Yes, it does. The equation you wrote down is $\nabla^2 \Phi = 4 \pi \rho$. But outside the source, $\rho = 0$, so $\nabla^2 \Phi$ is also zero.
Just a bit of calculus, the equation of classical potential at a distance $r$ from the source is given by,
$$\Phi=\frac{-1}{r}$$
Taking the second derivatives with the respect of $r$ will give $\frac{-2}{r^3}$, why should it be zero?

PeterDonis
Mentor
2019 Award
Taking the second derivatives with the respect of $r$ will give $\frac{-2}{r^3}$, why should it be zero?
I'll respond to this with another question: how can $\nabla^2 \Phi$ be nonzero when $\rho$ is zero, which it is everywhere outside the source? Doesn't that violate Poisson's equation?
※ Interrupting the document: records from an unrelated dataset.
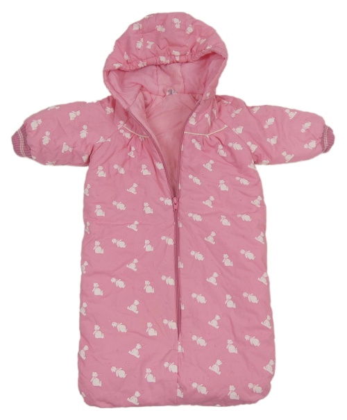 Růžový šusťákový zimní fusak s medvídky a kapucí
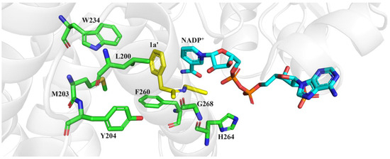 Regarding the position of L200, when we replaced the amino acid with His, Lys, Pro, Arg, Trp, or Tyr, we observed a complete loss of catalytic activity toward the model substrates (Figure S1 and Table S6). This means that most mutations in the L200 amino acid site lead to enzyme inactivation out of the seven amino acid sites. These results indicate that the L200 amino acid site is highly conserved. Conversely, when residue L200 was substituted with Met, Asn, Ile, and Val, we observed R-selectivity with good levels of ee values, reaching 95%, 89%, 86%, and 86%, respectively. This indicates that specific amino acid substitutions at position L200 can lead to improved R-selectivity while maintaining catalytic activity. The results are also consistent with the molecular docking prediction that residue L200 interacts very directly with the phenylacetone 1 moiety (Figure 4). At position 204, we also observed good R-selectivity with ee values reaching up to 94% (Figure S2 and Table S7).
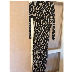 Lång klänning med halterneck och ett iögonfallande mönster i beige och svart. Klänningen har en avslappnad passform.
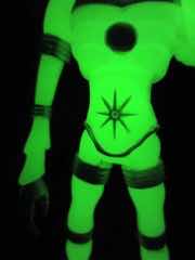 The larger figure is a lot like the previous versions. It's actually exactly like them, except for color - you get 16 plastic pieces you can pop apart, including his two weapons. The weapons are cast in clear colorless ABS plastic and painted silver - although some clear bits poke through - while the PVC is all glow, and matches the other Cosmic Radiation figures quite nicely. Silver highlights were added to the figure, which probably would have been just fine in unpainted glow plastic. Silver claws, joints, belts, and ornaments were added to make him pop - the silver chest really adds a lot to the figure, and I would not have expected it to make a big difference. The glow plastic is a wee bit translucent, so bringing the figure's body into the land of the tangible is a nice touch.
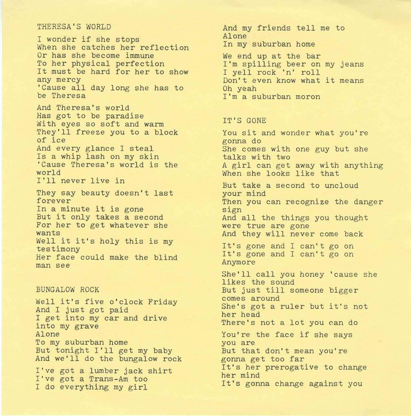 Their only official release during their original run, the three-song 7" single Theresa’s World (1980, Bumstead Records), was first posted to citizenfreak on Sept 9, 2012 and has since become a cult favorite among collectors of Canadian punk and power pop. With its jagged guitar hooks and earnest vocals, the single showcased Berg’s emerging songwriting talent—melodic, witty, and emotionally charged.
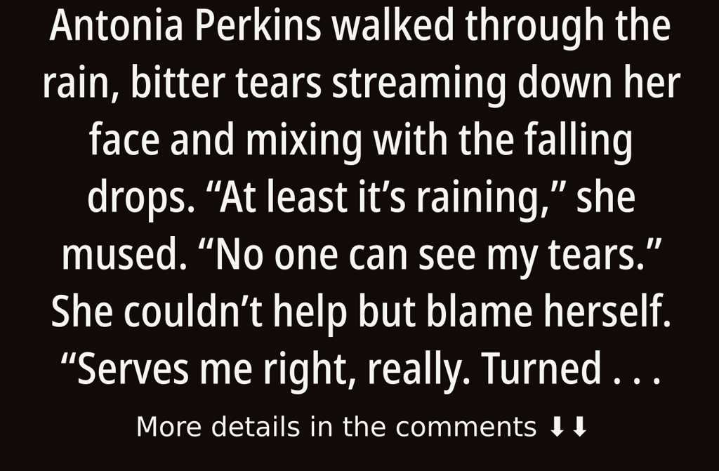 Antonia Perkins walked through the rain, bitter tears streaming down her face and mixing with the falling drops.
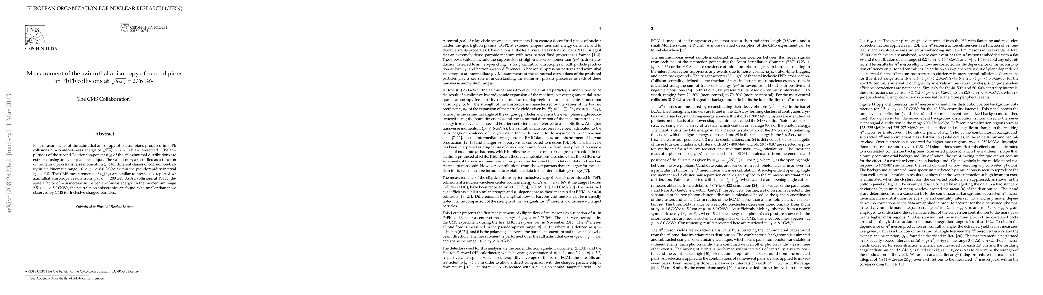 This paper reports the first measurements of the azimuthal anisotropy of neutral pions in PbPb collisions at 2.76 TeV, showing similar v2 values compared to lower-energy AuAu collisions, despite a significant energy increase. Neutral pion anisotropies are smaller than those for inclusive charged particles in the momentum range 2.5 < pt < 5.0 GeV.
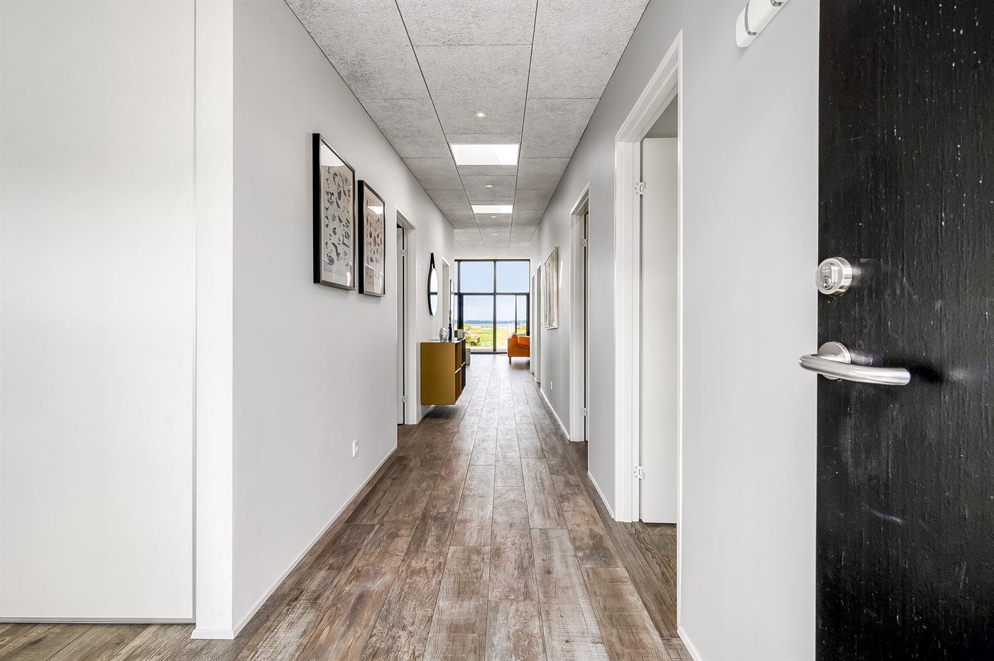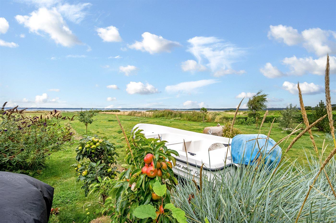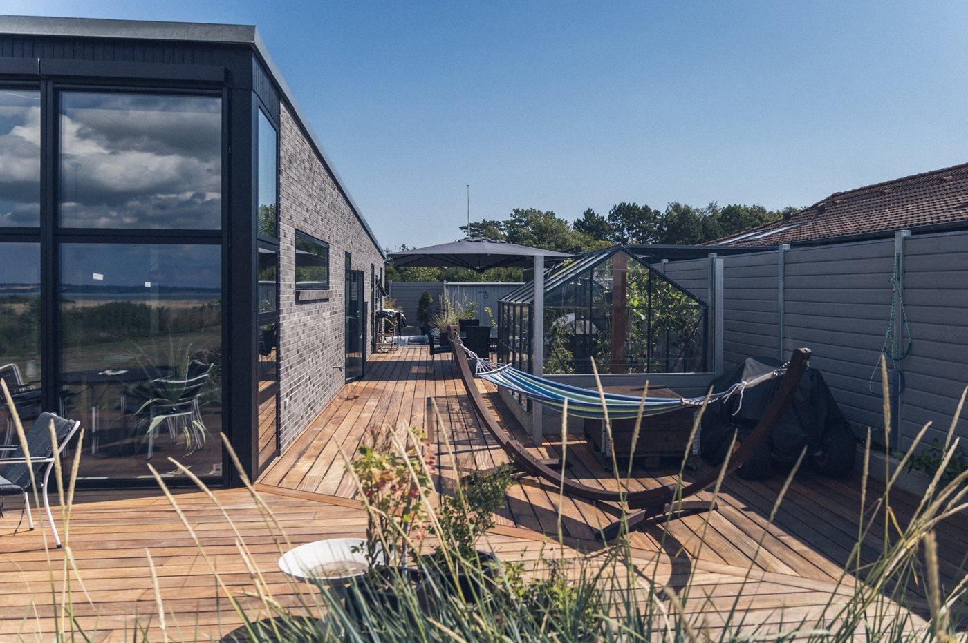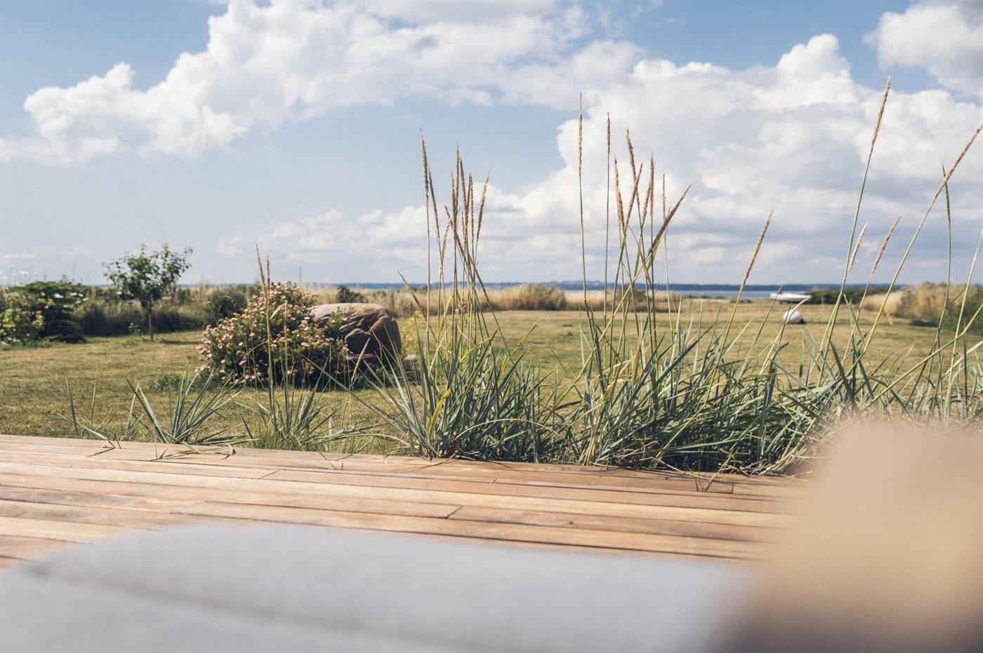 Huset er bygget i 2021 og ligger for enden af en lille, rolig vej uden trafik – på en grund, som grænser direkte op mod stranden og med naturen helt tæt på. Den store træterrasse følger huset hele vejen rundt, så der altid er en god krog med sol, læ eller skygge under parasollen. Her er det oplagt at starte dagen med kaffe i morgensolen og slutte af med aftensmad og udsigt til solnedgangen over bugten. Der er også mulighed for at slappe af i den udendørs spa med standvand og plads til 6 personer.

(Hint: you might want to check the actual definition of the Laplacian operator $\nabla^2$ in spherical coordinates.)

I'll respond to this with another question: how can $\nabla^2 \Phi$ be nonzero when $\rho$ is zero, which it is everywhere outside the source? Doesn't that violate Poisson's equation?

(Hint: you might want to check the actual definition of the Laplacian operator $\nabla^2$ in spherical coordinates.)
This is cool, yes it should violate it unless $\nabla^2\Phi$ is zero which it is according to the defintion of Lapalacisn operator. Thank you.